DATA SECTION
※ ※ ※
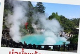
บ่อน้ำพุร้อน เบริปู

หมู่บ้านยูฟูอินฟลอร์ริล ทะเลสาบคินริน ทะเลสาปคินริน บ่อน้ำพุร้อน อุมิจิโกกุ ท่าเรือโมจิโกะ เรโร ตลาดปลาคาราโตะ ศาลเจ้ามียาจิดาเกะ ดิวตี้ฟรี ฟุกุโอกะ เบย์ พลาซ่า ช้อปปิ้งออน มอลล์ สินคู้เมโอโตะอิวะ ชมดอกไม้ไฮเดรนเยีย รอบน้ำตกชิราอิโตะ ช้อปปิ้งย่านเท็นจิน
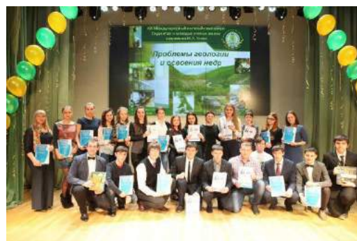
Рис. 51. 2015 г. Лауреаты секции «Геология нефти и газа» XIX Международного симпозиума им. М.А. Усова

В период работы симпозиума на каждой секции работают конкурсные комиссии, которые определяют лауреатов лучших научных работ по каждому из своих направлений. Все победители награждаются дипломами и ценными призами, всем участникам вручаются сертификаты и сувениры.
※ ※ ※
EXERCISE OBJECTIVE
In the copy you return, include exactly the lines from the one containing "หมู่บ้านยูฟูอินฟลอร์ริล ทะเลสาบคินริน ทะเลสาปคินริน" through the final line of the listing, and no pictures.

ANSWER SPACE
หมู่บ้านยูฟูอินฟลอร์ริล ทะเลสาบคินริน ทะเลสาปคินริน บ่อน้ำพุร้อน อุมิจิโกกุ ท่าเรือโมจิโกะ เรโร ตลาดปลาคาราโตะ ศาลเจ้ามียาจิดาเกะ ดิวตี้ฟรี ฟุกุโอกะ เบย์ พลาซ่า ช้อปปิ้งออน มอลล์ สินคู้เมโอโตะอิวะ ชมดอกไม้ไฮเดรนเยีย รอบน้ำตกชิราอิโตะ ช้อปปิ้งย่านเท็นจิน
Рис. 51. 2015 г. Лауреаты секции «Геология нефти и газа» XIX Международного симпозиума им. М.А. Усова

В период работы симпозиума на каждой секции работают конкурсные комиссии, которые определяют лауреатов лучших научных работ по каждому из своих направлений. Все победители награждаются дипломами и ценными призами, всем участникам вручаются сертификаты и сувениры.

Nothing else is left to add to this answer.